Aim of the exercise:
Range to copy from the entries below: the line containing "Walk past mansions" through the line containing "À quelques minutes", inclusive. Retype only those lines, exactly, without any images.

Source data:
-- Opening Marker --

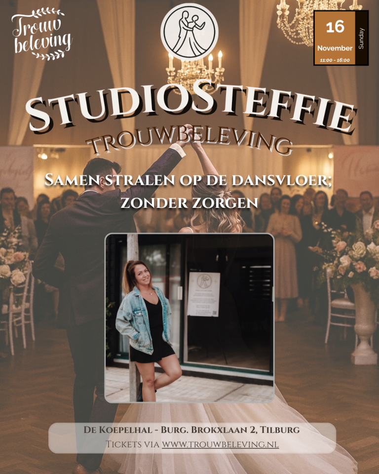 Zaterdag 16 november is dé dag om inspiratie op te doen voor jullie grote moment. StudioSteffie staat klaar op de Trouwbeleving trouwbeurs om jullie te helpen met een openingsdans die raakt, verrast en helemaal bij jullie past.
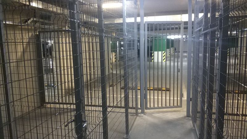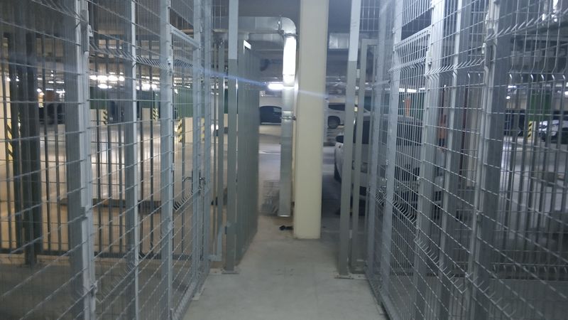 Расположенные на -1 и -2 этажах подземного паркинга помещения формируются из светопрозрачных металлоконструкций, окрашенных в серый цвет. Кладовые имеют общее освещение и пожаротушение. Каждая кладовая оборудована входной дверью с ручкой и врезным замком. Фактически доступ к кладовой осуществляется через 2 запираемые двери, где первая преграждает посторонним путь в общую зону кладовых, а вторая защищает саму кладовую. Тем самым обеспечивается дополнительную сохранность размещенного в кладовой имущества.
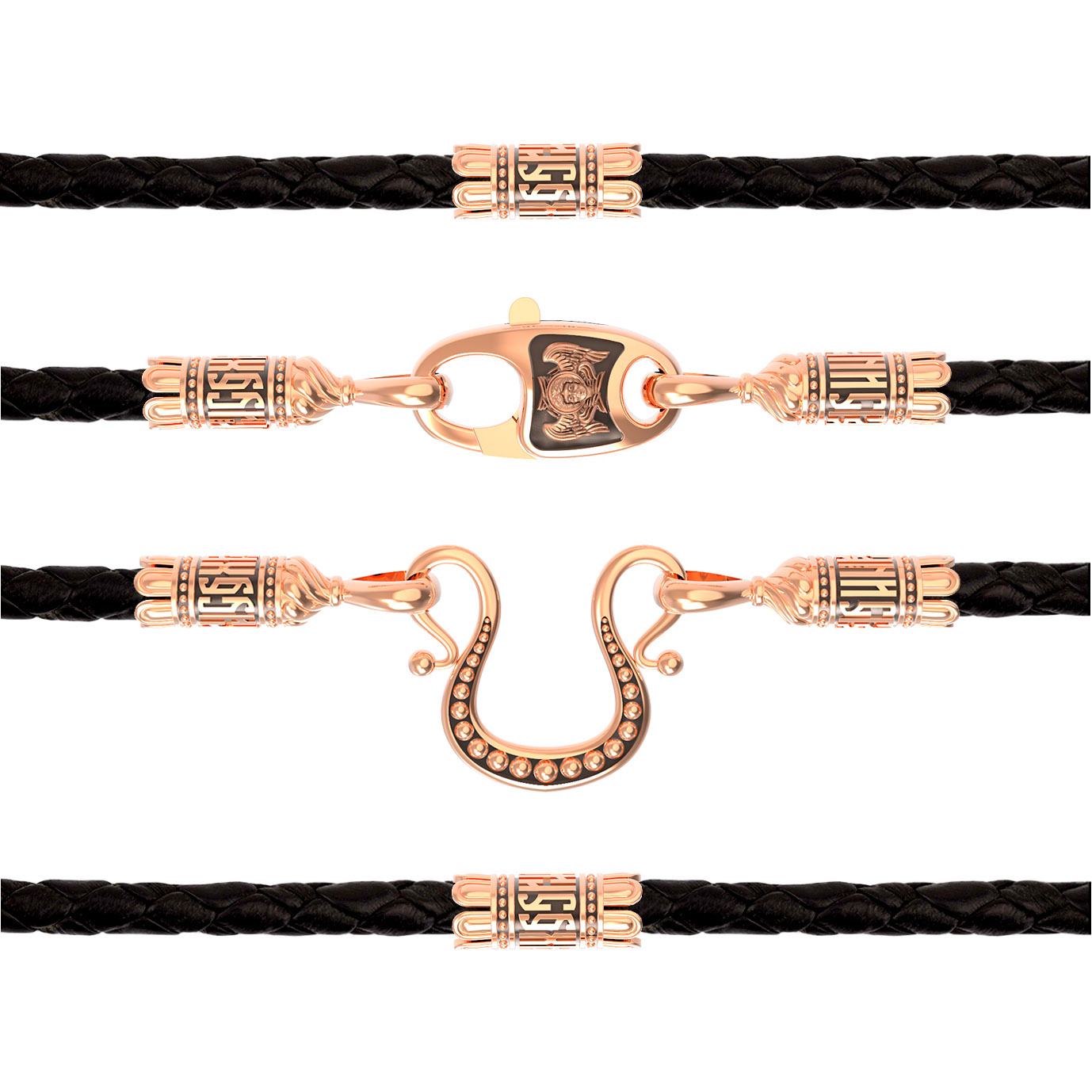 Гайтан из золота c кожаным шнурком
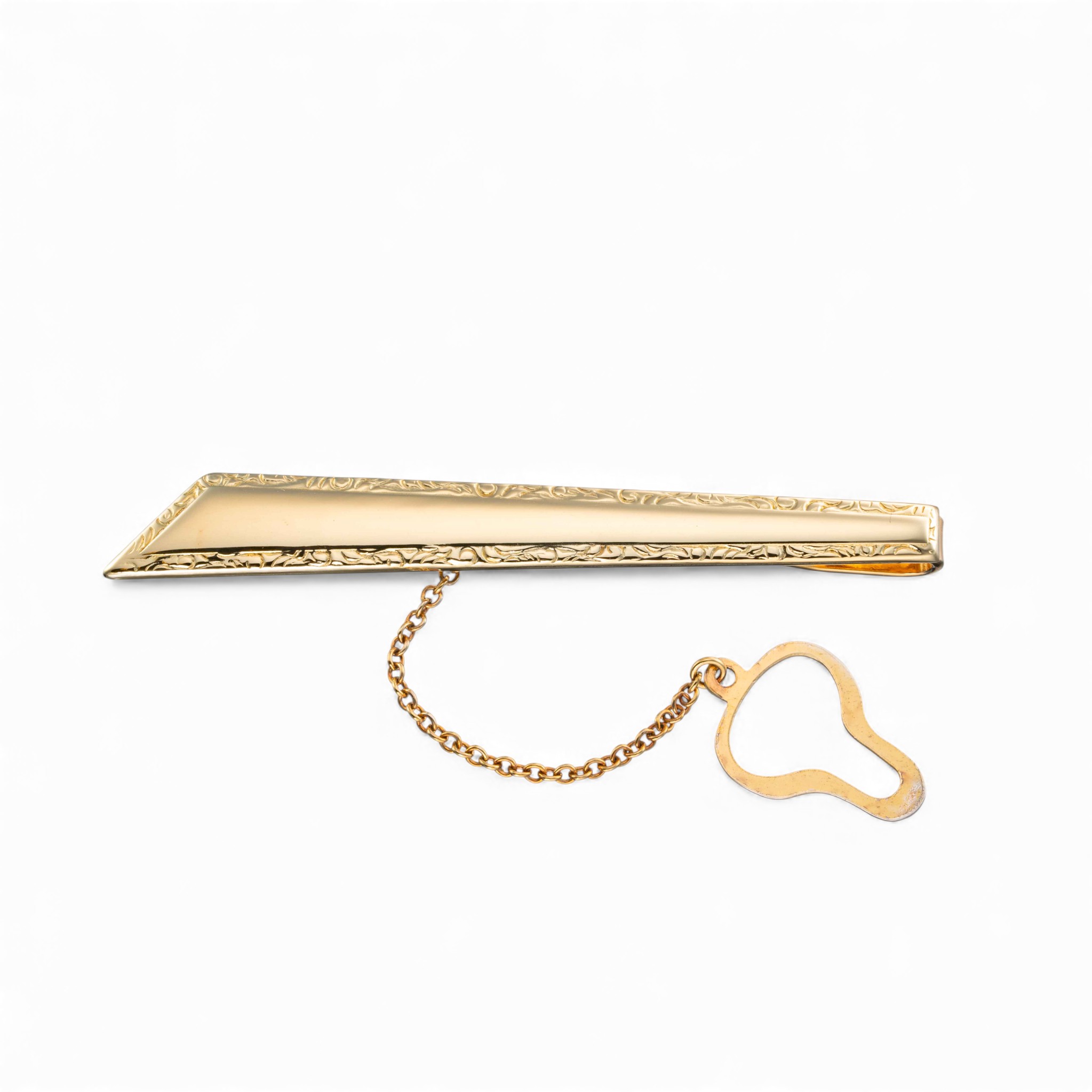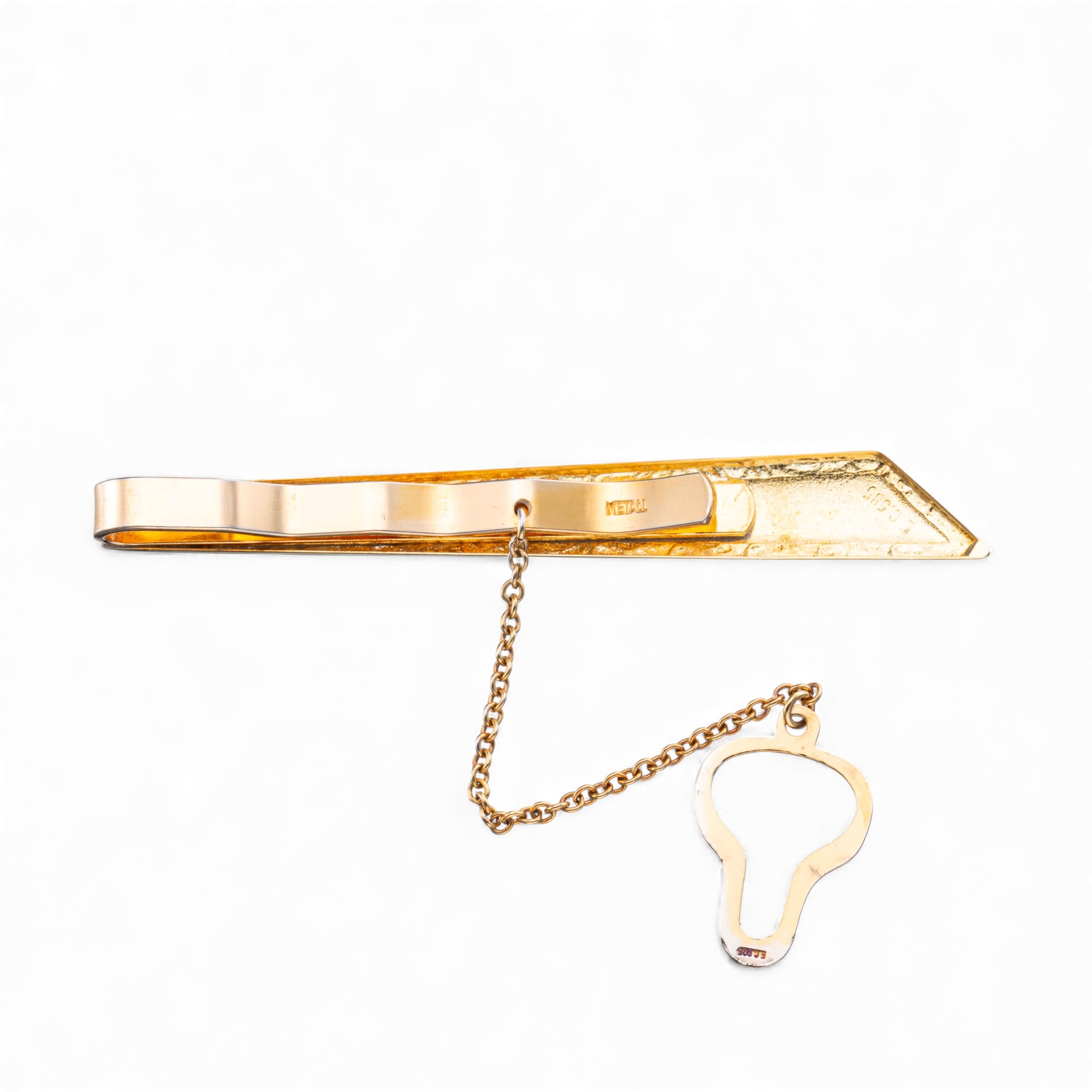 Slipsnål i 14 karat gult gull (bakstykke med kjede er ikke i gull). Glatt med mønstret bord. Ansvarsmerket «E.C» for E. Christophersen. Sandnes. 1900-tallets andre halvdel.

-- Closing Marker --
-- Opening Marker --

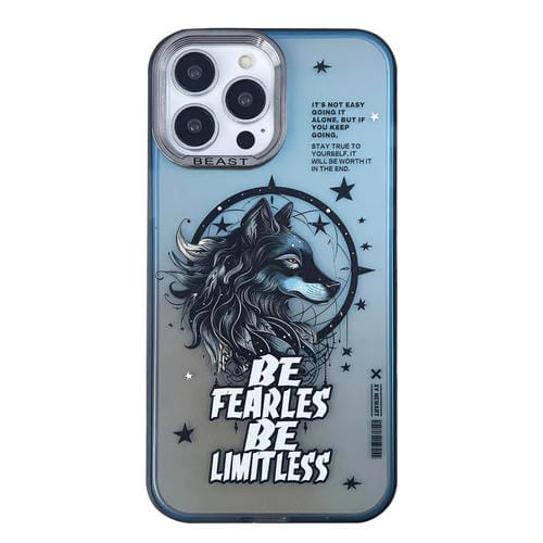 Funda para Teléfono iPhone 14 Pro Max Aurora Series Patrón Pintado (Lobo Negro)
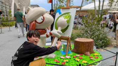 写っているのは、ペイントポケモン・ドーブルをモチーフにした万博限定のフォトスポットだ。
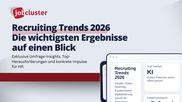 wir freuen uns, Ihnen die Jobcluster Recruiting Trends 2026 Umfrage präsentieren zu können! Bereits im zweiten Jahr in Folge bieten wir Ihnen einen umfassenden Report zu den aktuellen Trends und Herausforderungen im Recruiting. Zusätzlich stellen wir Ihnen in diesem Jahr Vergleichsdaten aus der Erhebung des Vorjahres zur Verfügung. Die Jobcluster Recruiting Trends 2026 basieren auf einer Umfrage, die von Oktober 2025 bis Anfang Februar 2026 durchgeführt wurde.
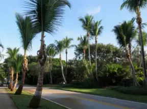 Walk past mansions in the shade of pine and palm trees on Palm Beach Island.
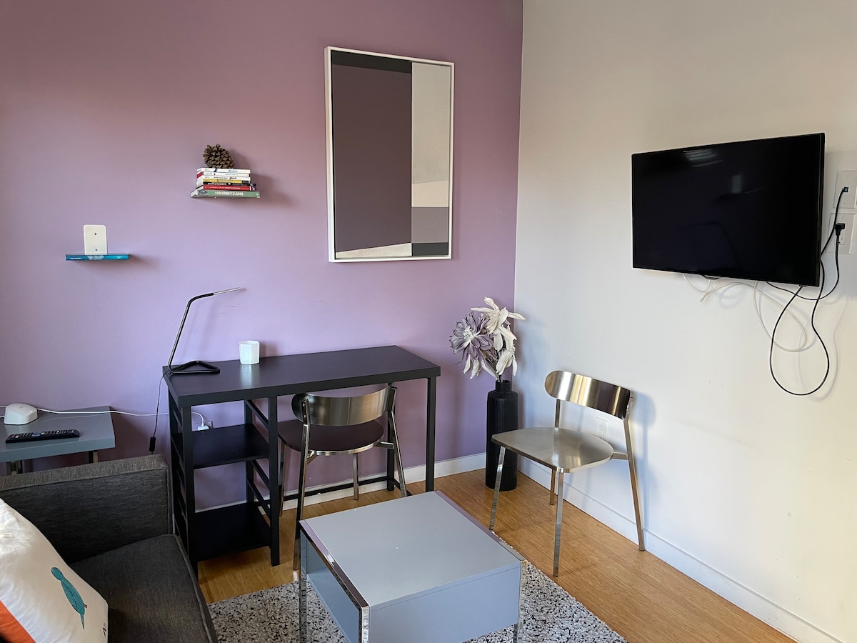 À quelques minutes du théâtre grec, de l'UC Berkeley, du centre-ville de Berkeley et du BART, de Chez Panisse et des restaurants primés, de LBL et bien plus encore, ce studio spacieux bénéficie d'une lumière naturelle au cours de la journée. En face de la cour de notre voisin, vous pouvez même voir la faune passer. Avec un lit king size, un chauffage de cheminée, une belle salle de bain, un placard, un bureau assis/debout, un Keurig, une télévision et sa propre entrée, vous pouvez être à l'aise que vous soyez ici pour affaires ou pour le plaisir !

-- Closing Marker --
-- Opening Marker --

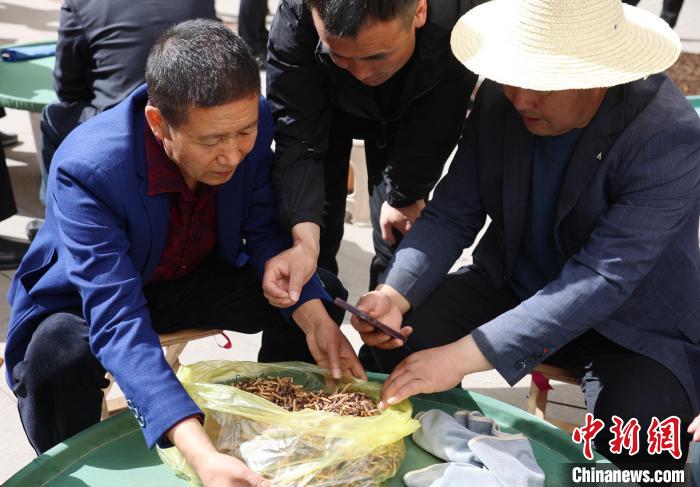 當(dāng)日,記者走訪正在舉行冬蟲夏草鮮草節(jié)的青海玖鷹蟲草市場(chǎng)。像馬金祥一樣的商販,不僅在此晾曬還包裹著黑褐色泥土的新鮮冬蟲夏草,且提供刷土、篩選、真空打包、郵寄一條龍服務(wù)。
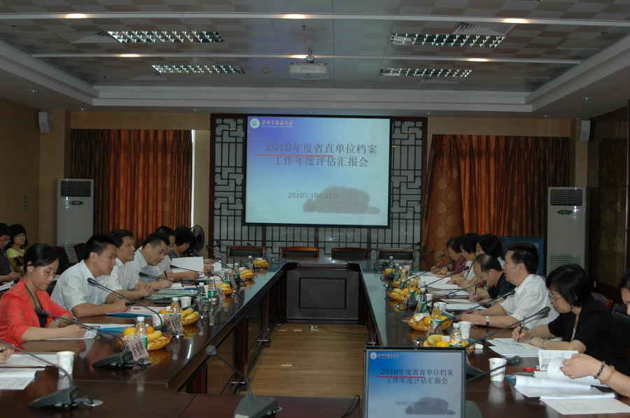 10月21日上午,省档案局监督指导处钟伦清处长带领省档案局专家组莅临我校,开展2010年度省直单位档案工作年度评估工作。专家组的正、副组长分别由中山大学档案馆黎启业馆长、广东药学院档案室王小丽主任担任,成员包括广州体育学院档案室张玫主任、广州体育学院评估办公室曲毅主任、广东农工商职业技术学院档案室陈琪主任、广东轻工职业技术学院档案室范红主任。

-- Closing Marker --

Solved exercise:
 Walk past mansions in the shade of pine and palm trees on Palm Beach Island.
 À quelques minutes du théâtre grec, de l'UC Berkeley, du centre-ville de Berkeley et du BART, de Chez Panisse et des restaurants primés, de LBL et bien plus encore, ce studio spacieux bénéficie d'une lumière naturelle au cours de la journée. En face de la cour de notre voisin, vous pouvez même voir la faune passer. Avec un lit king size, un chauffage de cheminée, une belle salle de bain, un placard, un bureau assis/debout, un Keurig, une télévision et sa propre entrée, vous pouvez être à l'aise que vous soyez ici pour affaires ou pour le plaisir !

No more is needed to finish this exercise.